[Records — start]

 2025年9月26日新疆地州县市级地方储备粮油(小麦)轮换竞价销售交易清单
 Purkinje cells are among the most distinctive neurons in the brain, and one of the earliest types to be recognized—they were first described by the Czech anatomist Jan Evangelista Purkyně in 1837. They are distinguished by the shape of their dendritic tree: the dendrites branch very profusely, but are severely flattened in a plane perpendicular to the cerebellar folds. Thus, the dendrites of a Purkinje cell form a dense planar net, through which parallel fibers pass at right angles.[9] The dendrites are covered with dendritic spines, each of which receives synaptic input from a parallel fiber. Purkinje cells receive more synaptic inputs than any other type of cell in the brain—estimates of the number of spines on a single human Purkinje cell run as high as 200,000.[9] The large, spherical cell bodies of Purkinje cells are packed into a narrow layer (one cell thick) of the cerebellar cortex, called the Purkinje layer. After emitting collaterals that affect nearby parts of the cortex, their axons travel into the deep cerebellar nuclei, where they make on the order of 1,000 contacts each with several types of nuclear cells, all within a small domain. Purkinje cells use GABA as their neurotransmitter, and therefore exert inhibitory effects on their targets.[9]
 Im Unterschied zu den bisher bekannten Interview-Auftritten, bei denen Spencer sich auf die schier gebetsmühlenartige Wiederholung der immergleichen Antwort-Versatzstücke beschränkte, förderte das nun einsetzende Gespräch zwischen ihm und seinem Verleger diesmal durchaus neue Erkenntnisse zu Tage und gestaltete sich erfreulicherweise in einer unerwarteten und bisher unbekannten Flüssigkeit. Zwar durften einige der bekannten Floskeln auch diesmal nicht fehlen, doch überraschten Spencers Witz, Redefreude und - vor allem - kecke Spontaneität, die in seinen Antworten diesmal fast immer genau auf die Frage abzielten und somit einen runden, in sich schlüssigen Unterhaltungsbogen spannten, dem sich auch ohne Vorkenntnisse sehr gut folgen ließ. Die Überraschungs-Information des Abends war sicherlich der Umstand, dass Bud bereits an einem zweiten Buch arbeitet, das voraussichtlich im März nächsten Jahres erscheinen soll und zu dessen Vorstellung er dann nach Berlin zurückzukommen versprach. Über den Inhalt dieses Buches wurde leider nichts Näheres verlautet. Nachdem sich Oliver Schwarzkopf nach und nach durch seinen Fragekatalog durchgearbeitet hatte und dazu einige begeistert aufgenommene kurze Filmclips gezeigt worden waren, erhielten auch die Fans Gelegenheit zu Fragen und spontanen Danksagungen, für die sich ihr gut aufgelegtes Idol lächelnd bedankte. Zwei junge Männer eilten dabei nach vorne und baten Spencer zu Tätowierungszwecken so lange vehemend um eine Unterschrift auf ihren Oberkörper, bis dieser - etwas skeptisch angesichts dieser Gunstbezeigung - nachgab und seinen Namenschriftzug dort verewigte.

[Records — finish]
[Records — start]

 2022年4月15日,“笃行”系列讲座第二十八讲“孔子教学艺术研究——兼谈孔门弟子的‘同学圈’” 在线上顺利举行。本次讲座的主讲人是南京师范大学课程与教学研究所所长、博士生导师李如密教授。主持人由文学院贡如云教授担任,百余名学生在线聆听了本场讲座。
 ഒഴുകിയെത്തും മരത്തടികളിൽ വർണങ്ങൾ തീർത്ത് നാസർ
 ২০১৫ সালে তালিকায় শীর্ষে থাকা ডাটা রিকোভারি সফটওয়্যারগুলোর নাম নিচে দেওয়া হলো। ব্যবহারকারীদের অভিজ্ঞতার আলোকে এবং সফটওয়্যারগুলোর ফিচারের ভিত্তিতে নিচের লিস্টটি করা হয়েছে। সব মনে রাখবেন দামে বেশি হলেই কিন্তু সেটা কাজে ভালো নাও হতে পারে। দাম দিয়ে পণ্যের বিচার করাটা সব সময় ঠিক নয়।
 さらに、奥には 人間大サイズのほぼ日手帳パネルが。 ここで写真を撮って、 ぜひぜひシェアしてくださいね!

[Records — finish]
[Records — start]

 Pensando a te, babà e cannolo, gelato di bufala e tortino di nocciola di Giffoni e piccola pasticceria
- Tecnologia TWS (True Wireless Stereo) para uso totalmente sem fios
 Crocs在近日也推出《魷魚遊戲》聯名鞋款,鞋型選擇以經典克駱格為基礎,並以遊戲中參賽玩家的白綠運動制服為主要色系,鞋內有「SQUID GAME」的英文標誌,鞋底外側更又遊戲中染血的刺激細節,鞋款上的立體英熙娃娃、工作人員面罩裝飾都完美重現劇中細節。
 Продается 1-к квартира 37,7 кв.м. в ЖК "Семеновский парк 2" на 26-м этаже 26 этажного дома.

[Records — finish]

Exercise
Would you retype exactly the lines above, from the line with "Pensando a te, babà" to the line with "Продается 1-к квартира", with both end lines kept and nothing more?

Result of the task
 Pensando a te, babà e cannolo, gelato di bufala e tortino di nocciola di Giffoni e piccola pasticceria
- Tecnologia TWS (True Wireless Stereo) para uso totalmente sem fios
 Crocs在近日也推出《魷魚遊戲》聯名鞋款,鞋型選擇以經典克駱格為基礎,並以遊戲中參賽玩家的白綠運動制服為主要色系,鞋內有「SQUID GAME」的英文標誌,鞋底外側更又遊戲中染血的刺激細節,鞋款上的立體英熙娃娃、工作人員面罩裝飾都完美重現劇中細節。
 Продается 1-к квартира 37,7 кв.м. в ЖК "Семеновский парк 2" на 26-м этаже 26 этажного дома.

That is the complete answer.